Авраама Зингера пение «Сиона» не раздражало. Точнее сказать, оно ему понравилось. Должно быть еще и потому, что ему было безразлично, что подумают о еврейских песнях другие и как культурный Загреб воспримет то, что еврейская музыка вообще-то не имеет ничего общего ни с Моцартом, ни с Верди, ни с современными шлягерами. Его никогда не касалось, что они думают, ни в те времена, когда он продавал им корицу и апельсины, а для их господ через знакомых торговцев заказывал шляпы-панамы, ни тогда, когда они думали, что он их друг, ни тогда, когда и ему самому казалось, что его с этими людьми что-то связывает. Он считал, что так и надо жить, и, видимо, это было возможно, пока по земле ходил Франц-Иосиф, но когда настали годы нищеты и голода, когда люди умирали от испанки, прятались по лесам Загорья от мобилизации и навсегда перестали встречать Новый год с верой, что дальше будет лучше, между нами начала расти стена и все важнее становилось, что мы думаем друг о друге. Даже лучшие люди этого города, те, которые ни разу ни на кого не посмотрели косо, всегда верили, что евреи предали и распяли Иисуса. Это им говорили в церкви, этому учили в школах их детей, и никто даже не подумал, что, может быть, все было иначе, никто не усомнился в том, что им говорили о евреях попы. Сомневаются во всем, даже в Боге и Его существовании, однако в том, что евреи совершили преступление по отношению к Его Сыну, здесь не сомневается никто. Люди при этом благопристойны, они искусно скрывают, что думают, и в те хорошие времена Франца-Иосифа проходили годы и годы, и никто не напоминал еврею о его вине перед Иисусом.

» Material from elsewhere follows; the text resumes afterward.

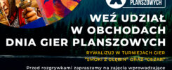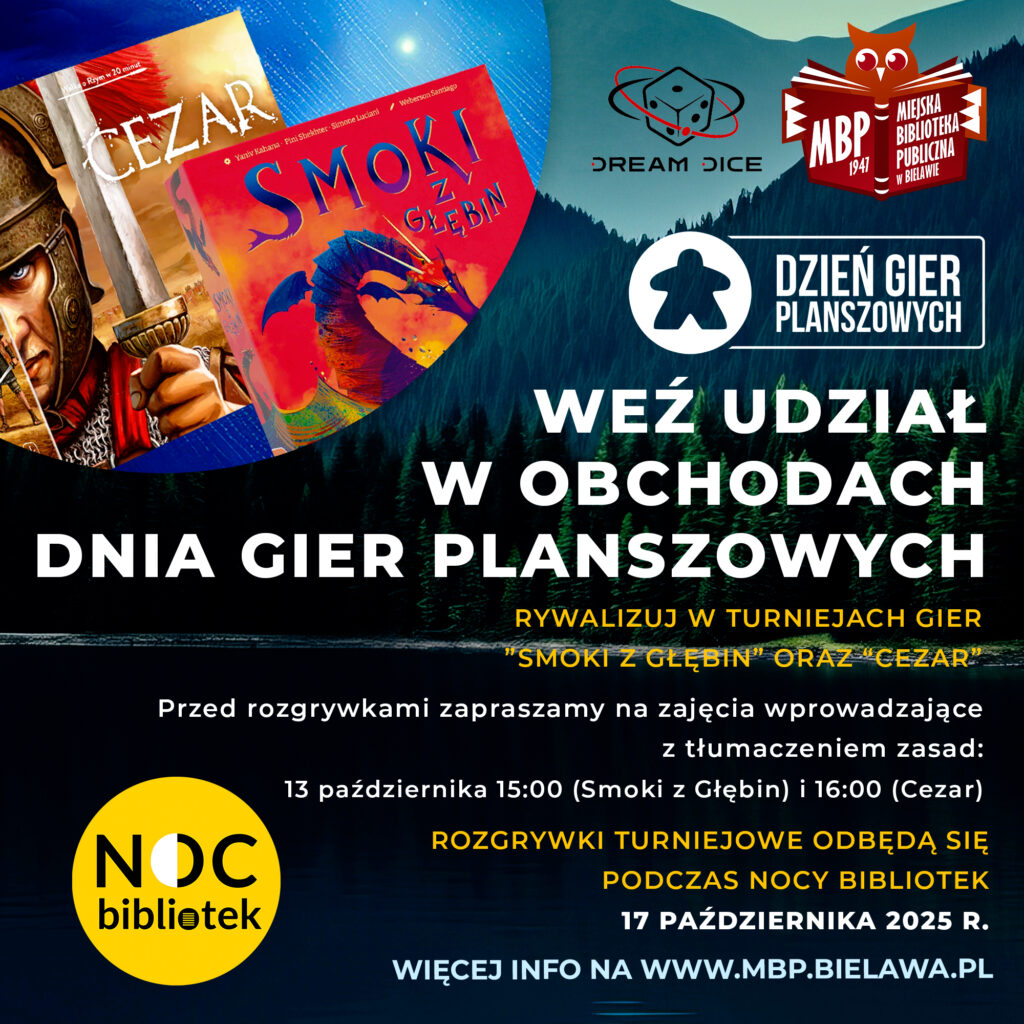 W tym roku, podobnie jak w poprzednich latach, Noc Bibliotek łączymy z Obchodami Dnia Gier Planszowych. W programie turnieje dwóch hitów: „Smoki z Głębin” i „Cezar” – nagrody już na Was czekają. Dla tych, którzy chcą wejść w rozgrywki bez stresu, przygotowaliśmy zajęcia wprowadzające z tłumaczeniem zasad: 13 października o 15:00 („Smoki z Głębin”) i o 16:00 („Cezar”). Liczba miejsc w turniejach jest ograniczona, dlatego zgłoście swój udział jak najszybciej – gwarantujemy dobrą zabawę, sportowe emocje i upominki dla najlepszych.

Но по мере того как шло время, эти люди, хорошие люди, спокойные и молчаливые граждане белого Загреба, начали все громче напоминать о еврейской вине. Жандармы на центральной площади убили каких-то хорватских солдат, чьих-то сыновей и братьев, а загребчане вместо того, чтобы горевать, вдруг озверели. И на кого же им было обрушить свой гнев, как не на евреев, хотя среди жандармов не было ни одного еврея, да и вообще неизвестно, служил ли в городской жандармерии когда бы то ни было хоть один еврей. Разобьют две-три витрины, раввину вырвут бороду, изнасилуют бедную еврейскую служанку, а уже завтра успокоятся, станут опять хорошими и благопристойными, и никто больше не вспомнит, кто разбивал, вырывал и насиловал. Несколькими неделями или месяцами позже опять случится что-то плохое, например убьют Шуффлая на углу Далматинской, и, конечно же, кто-то вспомнит о евреях. При этом большинство утверждает, что тот кто-то — ненормальный и что евреи к этому убийству не имеют никакого отношения, но один Бог знает, говорит ли так это большинство потому, что оно действительно так думает, или же потому, что оно просто благопристойно, а в Загребе считается аристократичным и вообще hoch, быть благопристойным даже к евреям.
Но только до того момента, пока человек не слепнет от бешенства. До сих пор такое случалось, но длилось недолго, однако Авраам Зингер боялся, что так будет не всегда.